Event Description
Taking as its point of departure the Brazilian artist Lygia Clark’s notion of the “organic line,” a line of space that appears between a painting and its frame, a door and its lintel, or tiles on the floor, art historian and theorist Irene Small tracks the emergence of the concept in Clark’s work circa 1954. But it also comprehends the organic line as a generative conceptual tool, one that does expansive aesthetic, epistemological, and political work well beyond Clark’s immediate context. Mobilizing a rich repertoire of archival sources and moving across multiple chronologies, geographies, and disciplines, Irene Small’s work is an invitation to envision modernism not as a stable construct defined by centers and peripheries, inclusions and exclusions, but as a topological field of interactive, destabilizing tensions.
Speakers
Irene Small is Associate Professor of Art & Archaeology at Princeton University. She specializes in contemporary art and criticism within a global context. Her areas of interest include experimental practices of the 1960s and ’70s, legacies of abstraction, temporalities of art, problems of methodology and interpretation, relationality, and the social implications of form. Small’s work engages a variety of geopolitical formations and transnational, translocal contexts, and has paid particular attention to art and theory in Latin America, notably Brazil.

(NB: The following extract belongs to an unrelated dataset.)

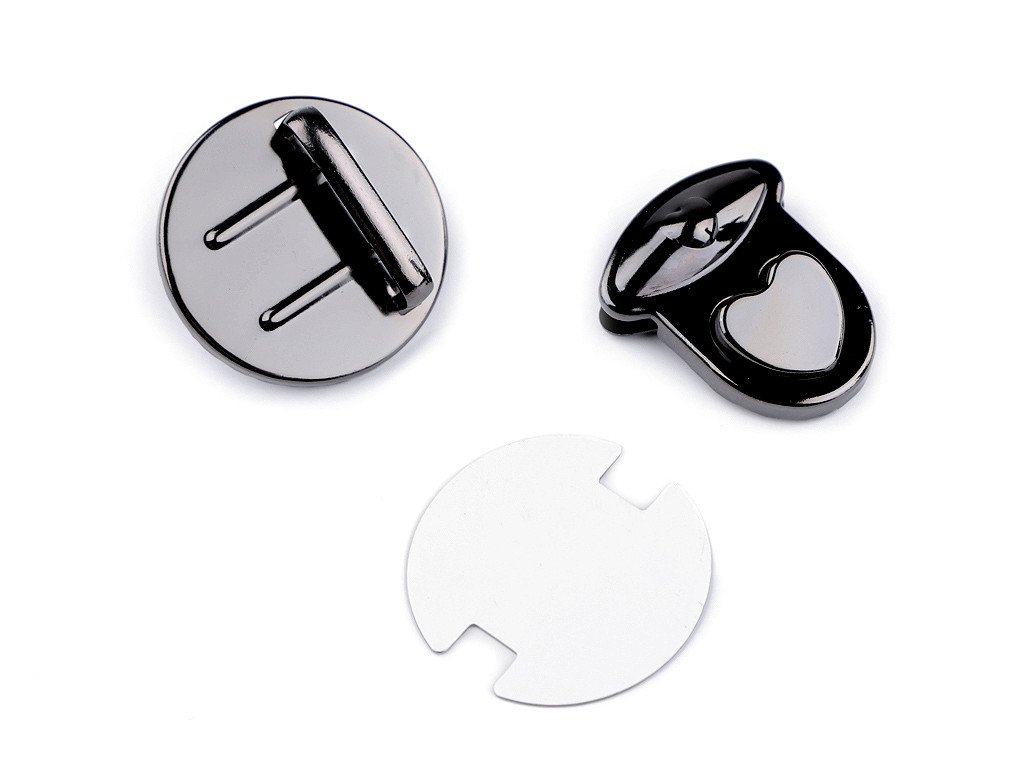 Sada zapínání na kabelku či tašku se skládá ze tří dílů. Jeden díl se připevní na vnitřní část tašky, druhý (s nožkami) na vnější část a třetí díl na její chlopeň. Díl na chlopeň se upevní tak, že rozevřete čelisti, na kterých jsou zoubky a mezi ně vložíte materiál, na který chcete zapínání upevnit. Následně čelisti sevřete, zoubky tak zamezí pohybu látky. Zapínání zdobí knoflík ve tvaru srdíčka.

Anneka Lenssen is Associate Professor in the Department of History of Art at UC Berkeley. Lenssen specializes in modern painting and contemporary visual practices, with a focus on the cultural politics of the Middle East. Her research examines problems of artistic representation in relation to the globalizing imaginaries of empire, nationalism, communism, decolonization, and Third World humanism.
Natalia Brizuela is the Center for Latin American and Caribbean Studies Chair and Professor in the Departments of Film & Media and Spanish & Portuguese at UC Berkeley. Her work focuses on photography, film and contemporary art, critical theory and aesthetics of both Spanish America and Brazil.